Beaver - Jeepers, Wally, do you think that thread will ever get back on topic?

Wally - Don't be such a blockhead, Beav. The next post in the thread will contain one topic for the 2009 GIG conference.

Don't let Wally down! B)

Jestgar Rising Star

To test, or not to test, that is the question.

The benefits and downsides of an official diagnosis. How to decide what's right for you.

gfp Enthusiast
Overheard on Open Original Shared Link today:

Beaver - Jeepers, Wally, do you think that thread will ever get back on topic?

Wally - Don't be such a blockhead, Beav. The next post in the thread will contain one topic for the 2009 GIG conference.

Don't let Wally down! B)

Well... so far we have stimulated topics on :

Should gluten free be gluten free ?

Should celiacs avoid all gluten or just gluten-lite?

Should a QA process be legally enforced?

Should the food industry set the limits? or direct the testing ?

Plus a lot of conversation on:

Non Celiac Gluten Sensitivty - Fact or Fiction?

I'd like to see a round table of the Celiac experts hash this out. You'd have the traditionalist [villi damage or bust] on one side and the non-traditionalists [gluten affects far more than just the gut] on the other. Some of the more traditional doctors are beginning to change their view on the matter a bit. It also would be cool to get Dr. Gluten aka Dr. Rodney Ford and/or Dr. Scot Lewey. Both of them are gastros that acknowledge NCGS. Dr. Ford is from New Zeland, Dr. Lewey is in CO.

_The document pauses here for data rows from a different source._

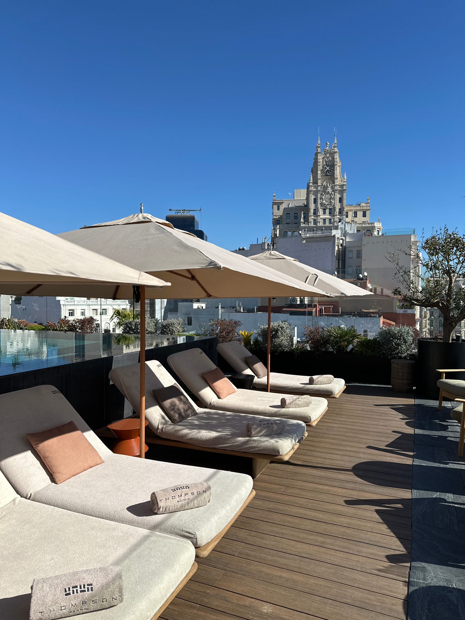 The image depicts an outdoor rooftop setting, likely a hotel or resort, in Madrid, Spain. Several lounge chairs are arranged on a wooden deck, each with a beige cushion, a small pillow, and a rolled-u…read more
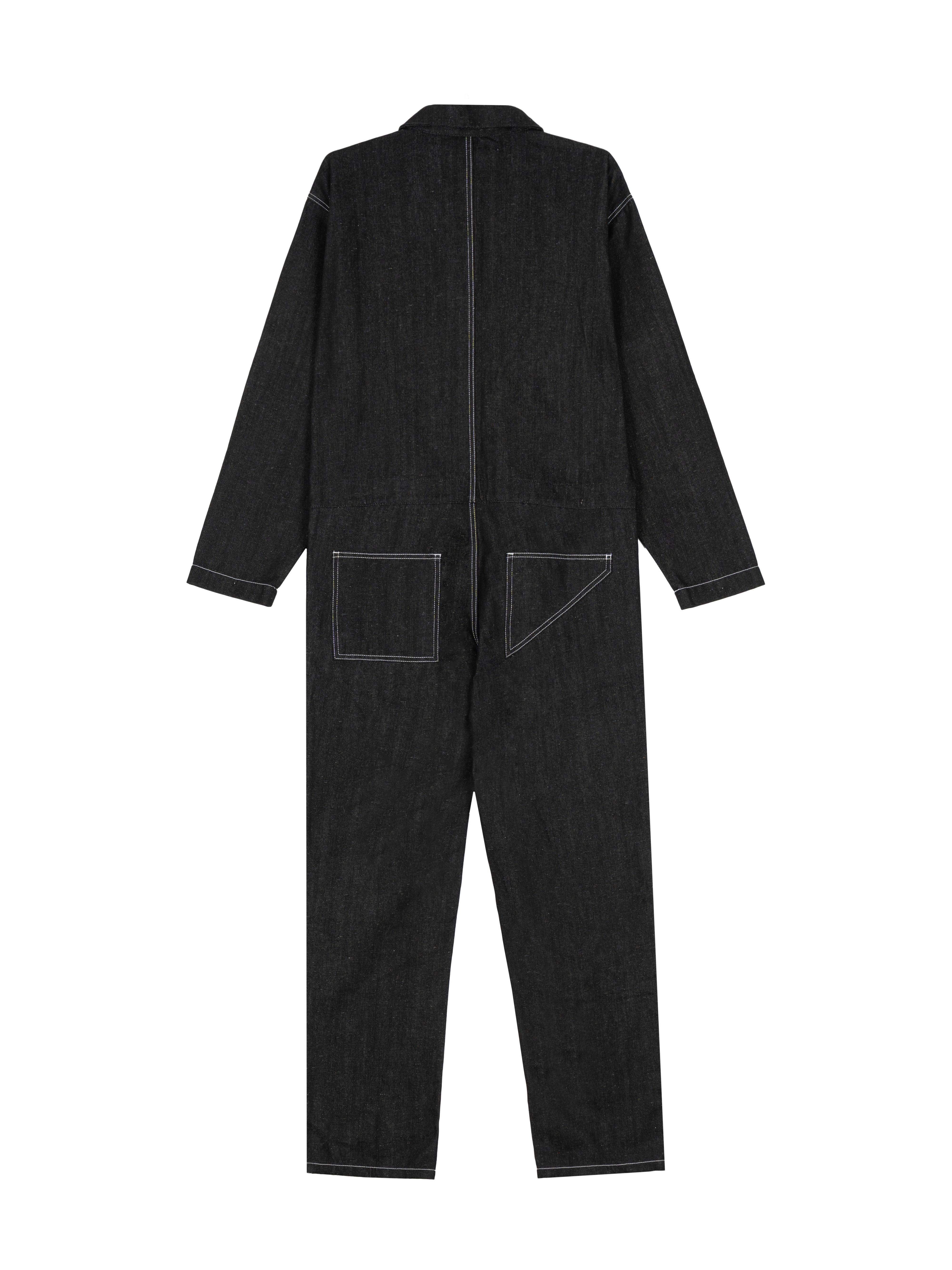 A reinterpretation of the classic workwear jumpsuit, featuring geometric details iconic to the brand. Crafted from premium denim and made to the highest quality standards.
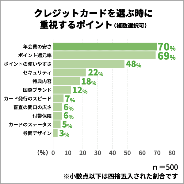 クレジットカードを選ぶ時に重視するポイントとして最も回答数が多かったのは「年会費の安さ」、続いて「ポイント還元率」でした。
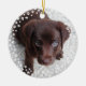 Customise this round Christmas ornament with a full-bleed photo of your pet and custom text on the back memorialising your puppy's first Christmas. Great as a gift for someone with a new puppy or as a fun keepsake for your own pup's first year. Change the fonts and background colour using the customise options.
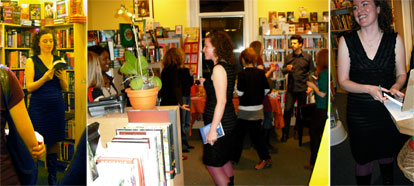 Sheila Heti, writer and creator of the Trampoline Hall lecture series, was next, reading selections from Darren O’Donnell’s Your Secrets Sleep with Me. In addition to being a writer, O’Donnell is the artistic director of Mammalian Diving Reflex, and one of Heti’s favourite theatre artists. Selina Martin, in white vinyl boots, then took the stage. Blame serendipity: Martin’s song was based on many of the excerpts that Heti had read. If the nodding head of the mustachioed man in the front row was any indication, they both pulled it off admirably.
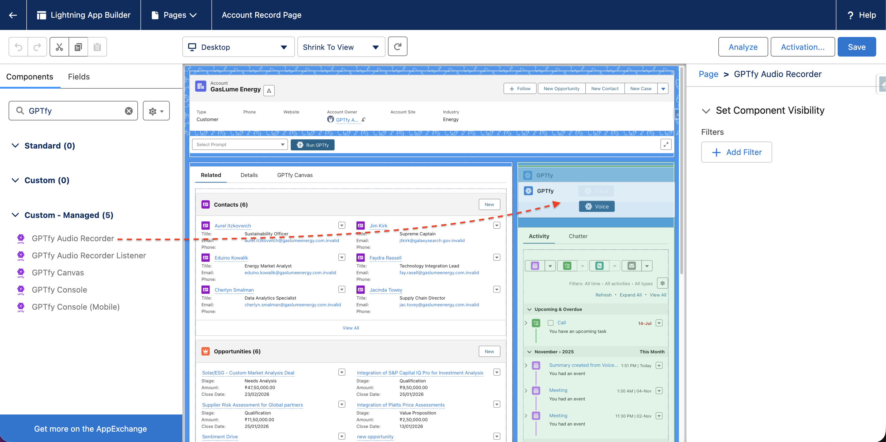 Drag and drop the Voice Recorder Component into the desired location on the Lightning record page.

Most importantly: We have raised a question. Should GIG have a opinion on these? Should GIG opt for what is safe for its members and other celiacs or should GIG opt for what is achievable but has as yet unknown and unquantified risks?

Ab-Normal Rookie

Questions I've had (don't know if they'd be covered under other topics):

The gluten-free kitchen: What has to be changed? How do you prevent cross-contamination?

Talking about gluten: How to convince your first degree relatives to just get the bleepin' blood test. :P

lovegrov Collaborator

So GFP, we're still breathlessly waiting on your evidence that Cynthia is a sell out or was paid by McDonalds.

richard

lovegrov Collaborator

"I doubt your beyond this but you would need to read on testing methodology. "

Gfp, sorry to be dense, but can you explain what this means?

richard

gfp Enthusiast
"I doubt your beyond this but you would need to read on testing methodology. "

Gfp, sorry to be dense, but can you explain what this means?

richard

I already did. it seems everyone else grasped it, perhaps one of them can explain it.